3. a kind of Three-dimensional target recognition based on deep learning according to claim 1 and Optimal Grasp method, feature It is, in step s 2, the improved faster RCNN model, including sequentially connected convolutional layer 1, pond layer 1, convolution Layer 2, convolutional layer 3, convolutional layer 4, pond layer 2, convolutional layer 5, fused layer, the convolutional layer 3 are also connect with fused layer, meanwhile, it is Can the small object of recognition imaging, the parameter of convolutional layer 2 and convolutional layer 4 is adjusted, i.e. the parameter adjustment of convolutional layer 2 are as follows: Convolution kernel size is 3*3, and border extended number is 1, step-length 1；The parameter of convolutional layer 4 adjusts are as follows: convolution kernel size is 5*5, side Edge spreading number is 2, step-length 2.

4. a kind of Three-dimensional target recognition based on deep learning according to claim 3 and Optimal Grasp method, feature It is, it is in step s 2, described to construct an improved faster RCNN model in the first order, to the target object in image The specific implementation process identified and positioned are as follows: the blending image that image preprocessing obtains will be carried out through step S1, input changes Into faster RCNN model, merged by the extraction of 5 layers of convolutional layer and characteristic image, then with trained category feature It is compared, obtains classification and the position of target object.

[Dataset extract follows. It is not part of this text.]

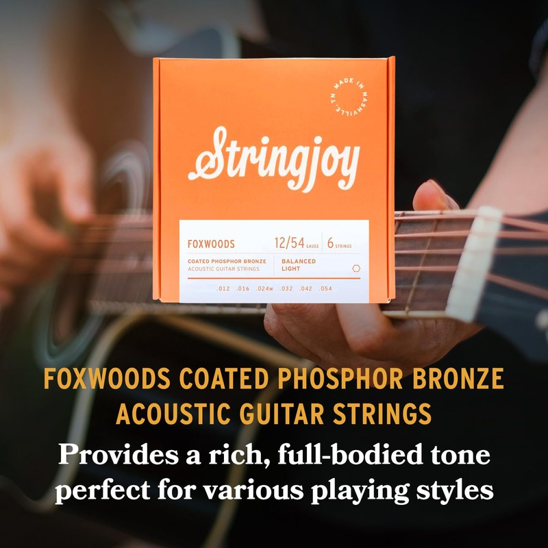 Stringjoy Balanced Light Foxwoods Coated Phosphor Bronze Acoustic Guitar Stri...
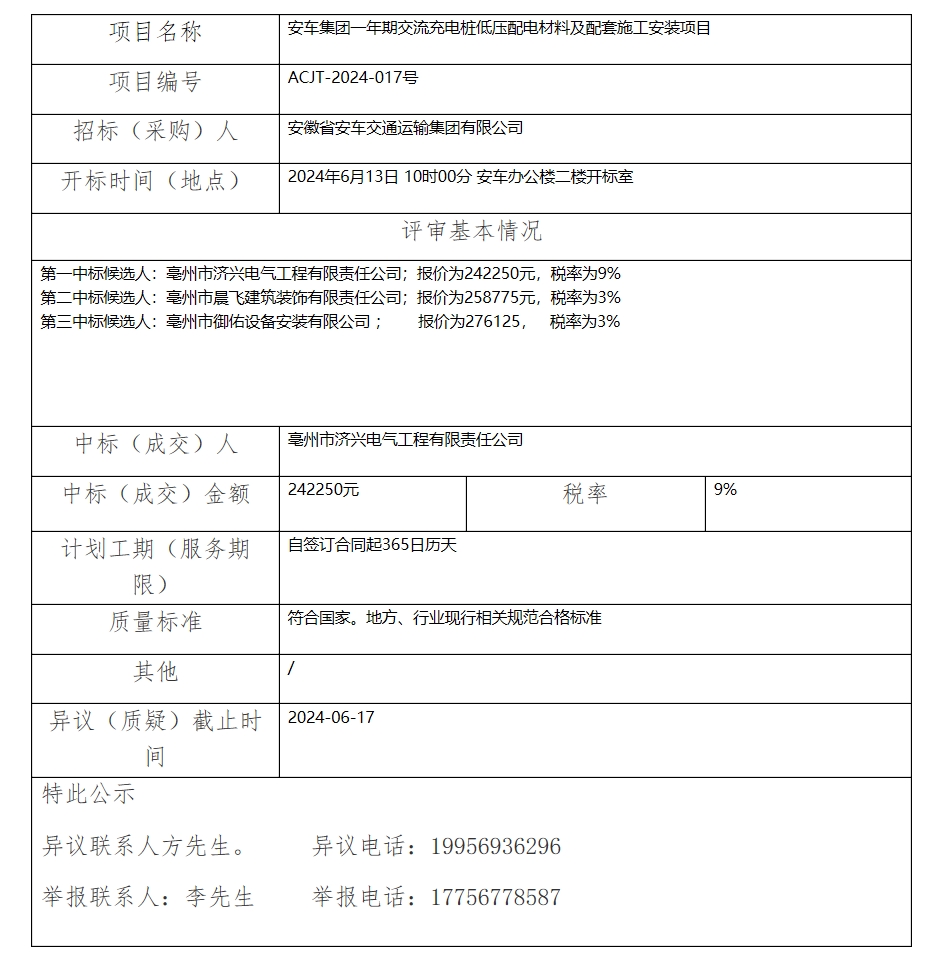 安車集團(tuán)一年期交流充電樁低壓配電材料及配套施工安裝項(xiàng)目中標(biāo)(成交)結(jié)果公示

5. a kind of Three-dimensional target recognition based on deep learning according to claim 1 and Optimal Grasp method, feature It is, in step s 2, the region being partitioned into where target object and the detailed process rotated accordingly are as follows:

Step S21, target is found to identifying and positioning for the target object in image according to improved faster RCNN model The profile of object, so that target object be split from image:

Step S23, image is carried out by multiple rotary using dichotomy.